MPC: Analysts rule out monetary tightening, as naira remains strong
Ahead of the Monetary Policy Committee (MPC) meeting scheduled for Monday and Tuesday in Abuja, analysts in the financial services sector have ruled out the possibility of a further monetary tightening.
Their argument is based on easing external sector pressures, moderating Core inflation and downside risk of further increasing already high government borrowing costs.
“With the MPC likely to face a choice between easing and maintaining status quo on policy rates, we envisage committee members will vote to hold all rates constant while consolidating on recent gains in the forex market,” analysts at Afrinvest Securities Limited said.
This is coming as ‘Biodun Adedipe, chief consultant of Biodun Adedipe Associates Limited, believes that the CBN has no ambition for single-digit interest rate this year, but optimistic of steady forex supply and local sales growth.
There has been relative stability in the foreign exchange market following improved liquidity, as the CBN has sustained its interventions in the market.
The CBN on Monday intervened in the forex market, selling $195.0 million in total – US$100.0 million to the wholesale segment, $50 million to the Small and Medium Enterprises (SMEs) segment and $45.0 million allocated to the Retail invisibles segment to cater for demand for business/personal travel allowances, school tuition, medical fee, etc.
Consequently, naira appreciated 3bps to N305.80/$1 from the previous week’s close of N305.90/$1 at the official inter-bank market.
At the FMDQ Nigerian Autonomous Foreign Exchange Fixing (NAFEX) segment, a total of $257.0m was traded between Tuesday and Friday; yet, the currency depreciated 0.2 percent Week-on- Week at the window to N365.33/$1 from N364.66/$1 in the prior week.
The local currency has traded between N365 and N367 per dollar at the black market last week, the same level it traded the previous week.
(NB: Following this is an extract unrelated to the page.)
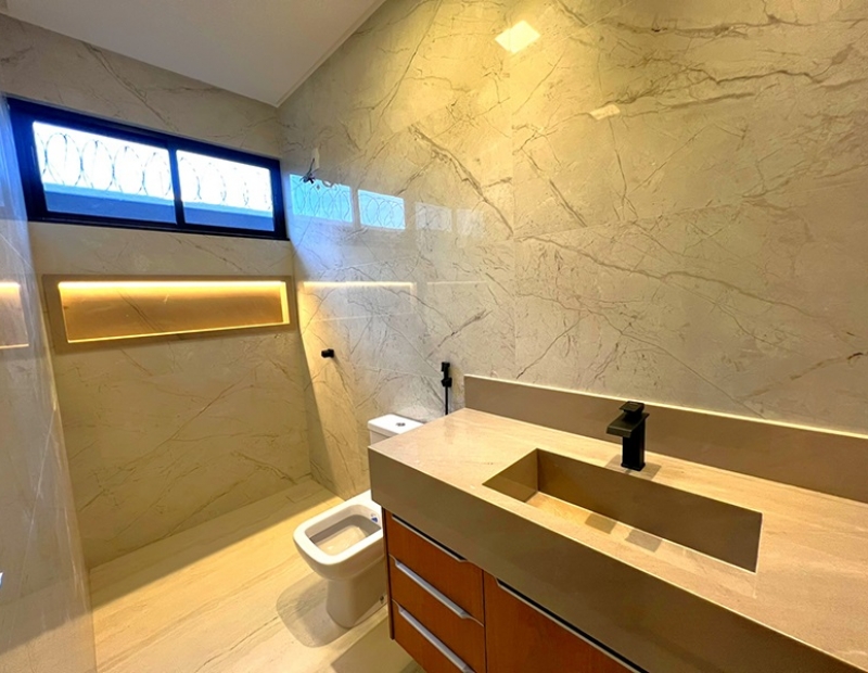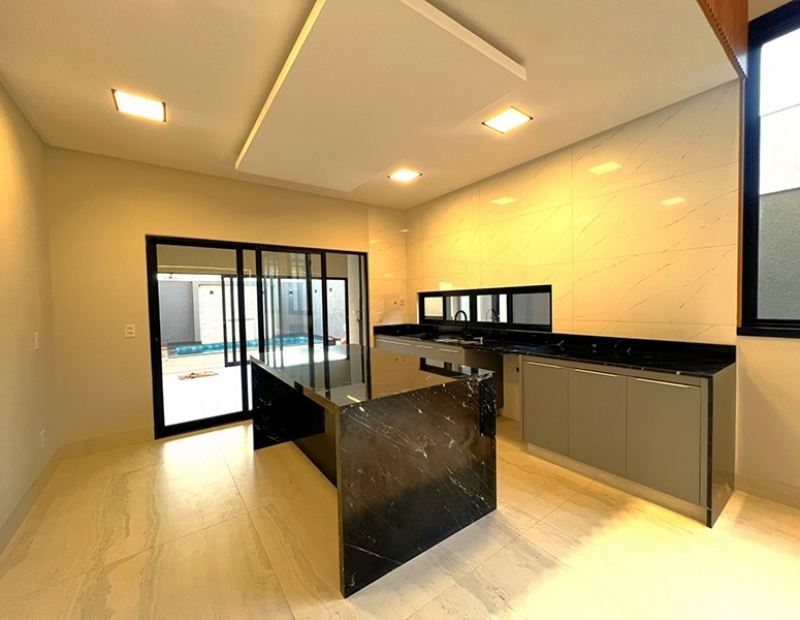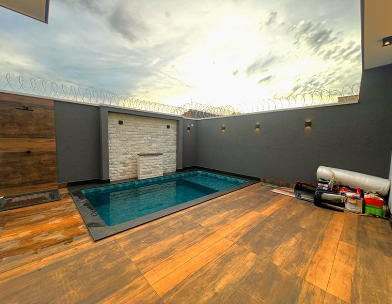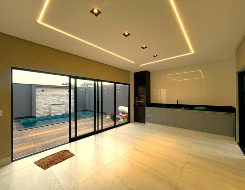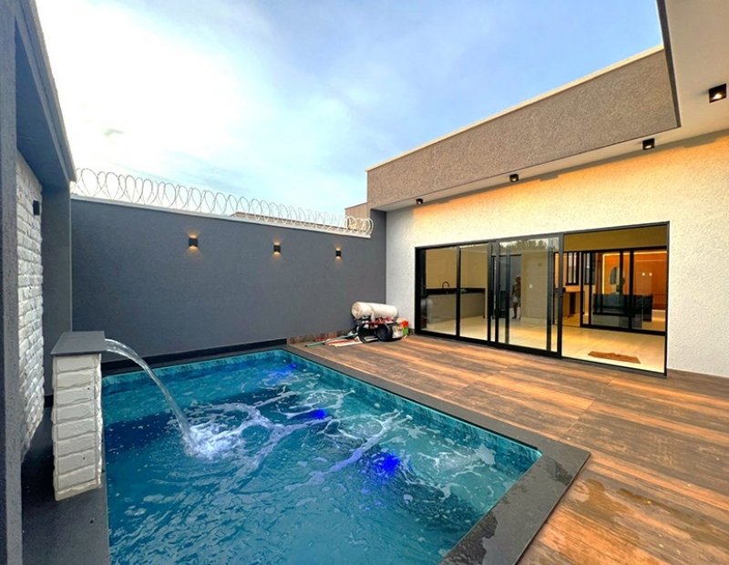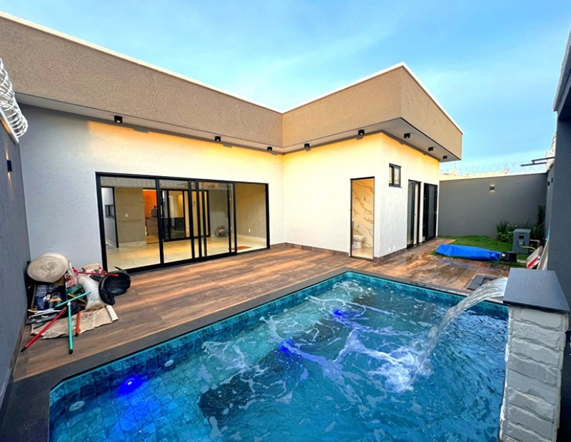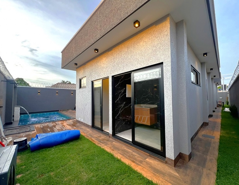 A casa à venda possuí 3 quartos sendo 3 suítes plenas (suíte principal com closet), lavabo, ampla sala com pé direito duplo já integrada com cozinha conceito aberto com ilha. Possuí uma área de lazer incrível composta por churrasqueira à carvão com bancada de apoio, piscina aquecida com hidro e cascata. Área de serviço isolada e depósito. Jardim frontal já gramado. A casa possuí 4 vagas de garagem sendo 2 cobertas. Já possuí armários planejados na cozinha, banheiros e varanda gourmet. A casa conta com geração de energia solar com 12 placas fotovoltaica gerando aproximadamente 1000w.

External reserves rose to $30.51 billion as of July 19, 2017 from its low of $30.32 billion on July 7, 2017, data from CBN show.
“We expect further stability of the naira/USD exchange rate amid build up in external reserves,” analysts at Cowry Asset Management Limited said.
At the FMDQ OTC Futures segment, the value of open contracts closed the week lower at $2.2m from the previous week’s close of $2.8bn owing to the NGUS JULY 2017 contract valued at $657.6m which matured during the week. In line with trend, the CBN replaced this maturing contract with the NGUS JULY 2018 instrument.
However, in line with recent trend, we do not expect keen interest in the newly opened contracts. All contracts opened since May 2017 – following upward revision of prices – have received minimal interest.
The NGUS JUN 2018 and NGUS JUL 2018 have received a total subscription of $56.9m and $18.3m respectively while the NGUS MAY 2017 has not attracted any subscription since the change in settlement exchange rate to NAFEX from Nigerian Foreign Exchange Fixing (NIFEX).